▶ **Your goal**
Exact copy, no pictures: return only the lines below from the line with "La salita del" up to and including the line with "2. 图4-2是将绿色植物在".

▶ **Material to process**
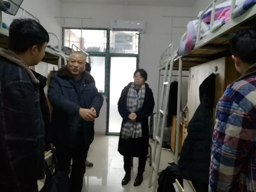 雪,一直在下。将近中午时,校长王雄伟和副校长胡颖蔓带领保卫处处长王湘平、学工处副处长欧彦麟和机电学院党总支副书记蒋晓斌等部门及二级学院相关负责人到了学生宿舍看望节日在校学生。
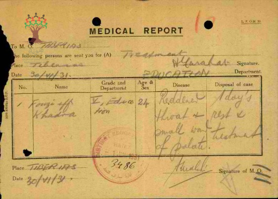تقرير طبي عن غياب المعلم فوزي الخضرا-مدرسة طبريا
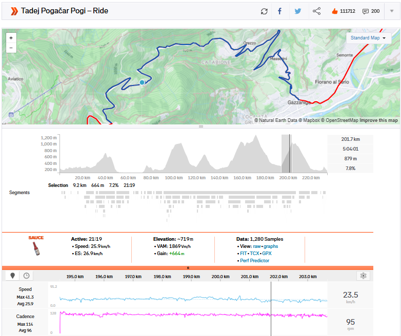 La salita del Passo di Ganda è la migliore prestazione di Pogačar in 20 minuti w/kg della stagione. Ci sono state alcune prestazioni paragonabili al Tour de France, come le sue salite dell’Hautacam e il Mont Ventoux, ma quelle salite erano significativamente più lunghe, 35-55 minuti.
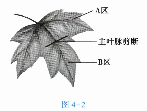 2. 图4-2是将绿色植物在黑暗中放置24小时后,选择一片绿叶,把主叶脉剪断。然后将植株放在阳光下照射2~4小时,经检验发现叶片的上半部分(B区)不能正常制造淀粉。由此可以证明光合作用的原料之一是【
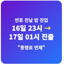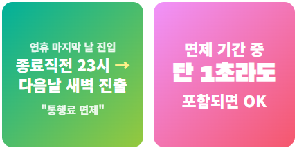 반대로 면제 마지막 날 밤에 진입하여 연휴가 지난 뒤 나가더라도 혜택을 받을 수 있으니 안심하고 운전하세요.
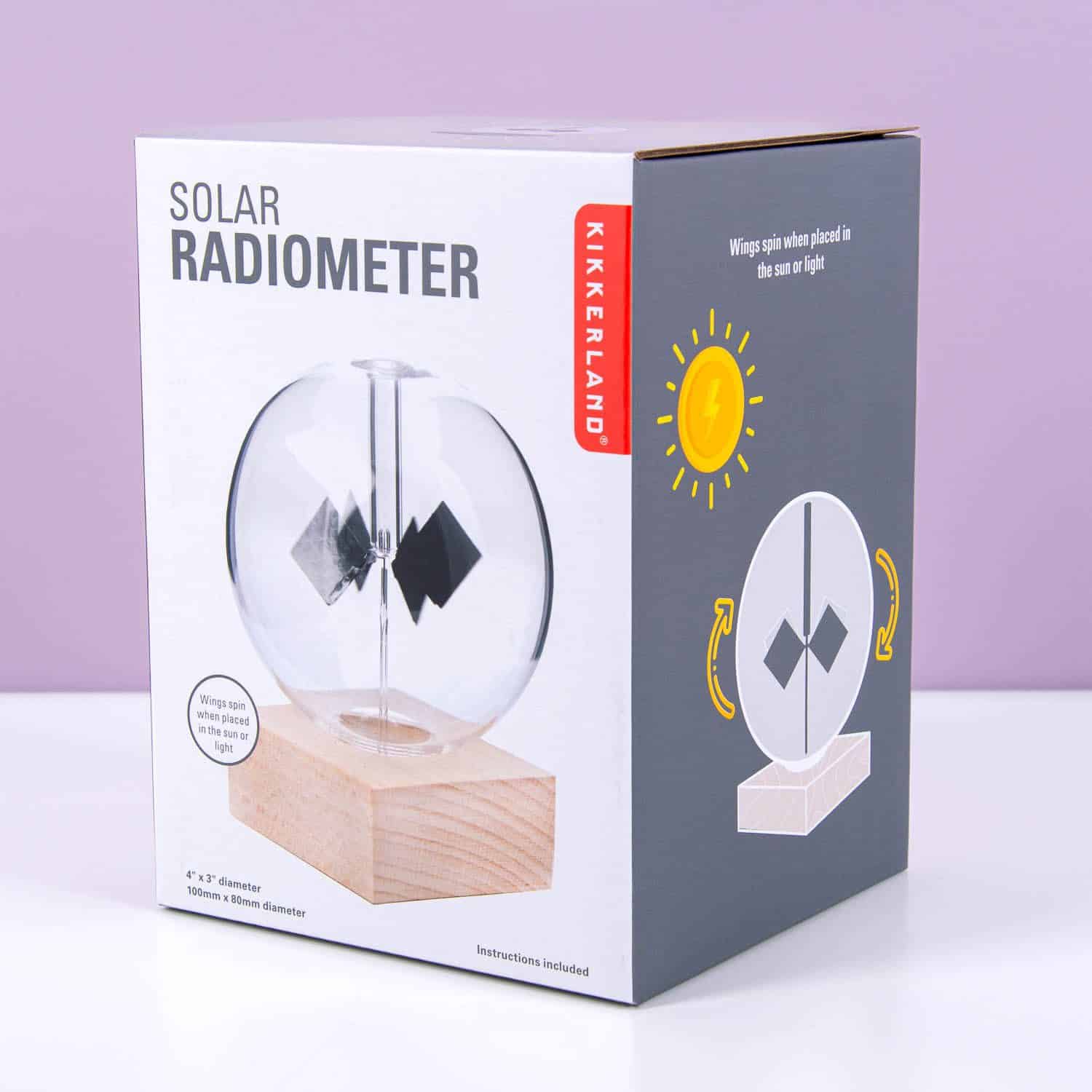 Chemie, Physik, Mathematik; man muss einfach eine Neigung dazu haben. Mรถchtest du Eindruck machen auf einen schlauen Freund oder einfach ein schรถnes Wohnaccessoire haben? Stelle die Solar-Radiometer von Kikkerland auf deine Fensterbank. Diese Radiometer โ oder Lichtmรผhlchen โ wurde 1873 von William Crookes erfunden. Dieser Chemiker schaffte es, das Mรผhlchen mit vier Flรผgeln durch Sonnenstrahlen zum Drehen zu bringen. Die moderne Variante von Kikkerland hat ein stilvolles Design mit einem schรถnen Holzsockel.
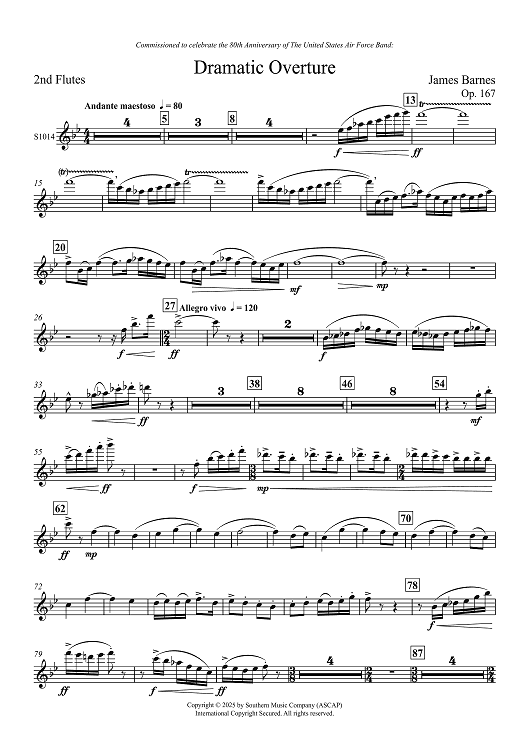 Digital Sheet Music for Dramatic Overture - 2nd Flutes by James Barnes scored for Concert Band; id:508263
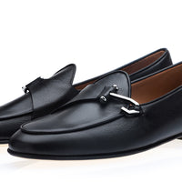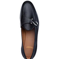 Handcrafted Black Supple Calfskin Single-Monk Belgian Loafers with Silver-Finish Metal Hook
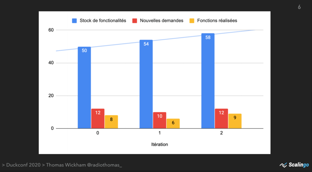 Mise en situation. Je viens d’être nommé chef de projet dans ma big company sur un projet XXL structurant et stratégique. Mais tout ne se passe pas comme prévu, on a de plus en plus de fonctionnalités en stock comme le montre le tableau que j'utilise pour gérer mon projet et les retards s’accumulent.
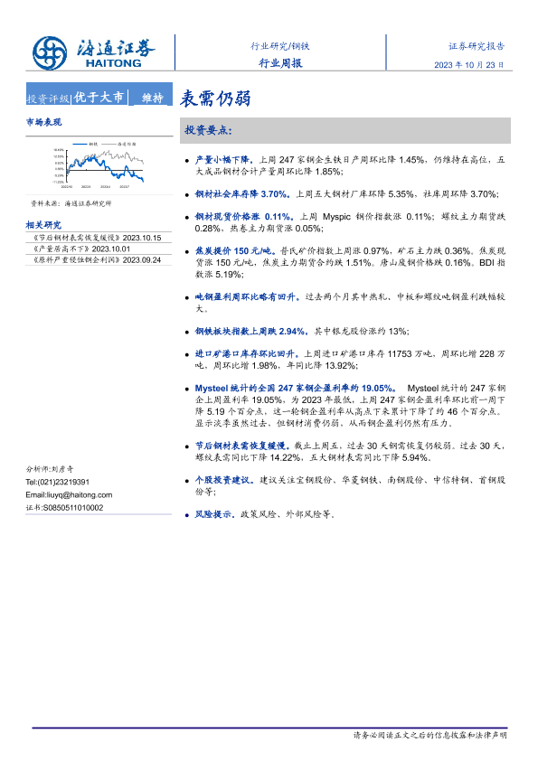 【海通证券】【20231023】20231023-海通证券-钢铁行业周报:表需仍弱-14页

▶ **Response**
 La salita del Passo di Ganda è la migliore prestazione di Pogačar in 20 minuti w/kg della stagione. Ci sono state alcune prestazioni paragonabili al Tour de France, come le sue salite dell’Hautacam e il Mont Ventoux, ma quelle salite erano significativamente più lunghe, 35-55 minuti.
 2. 图4-2是将绿色植物在黑暗中放置24小时后,选择一片绿叶,把主叶脉剪断。然后将植株放在阳光下照射2~4小时,经检验发现叶片的上半部分(B区)不能正常制造淀粉。由此可以证明光合作用的原料之一是【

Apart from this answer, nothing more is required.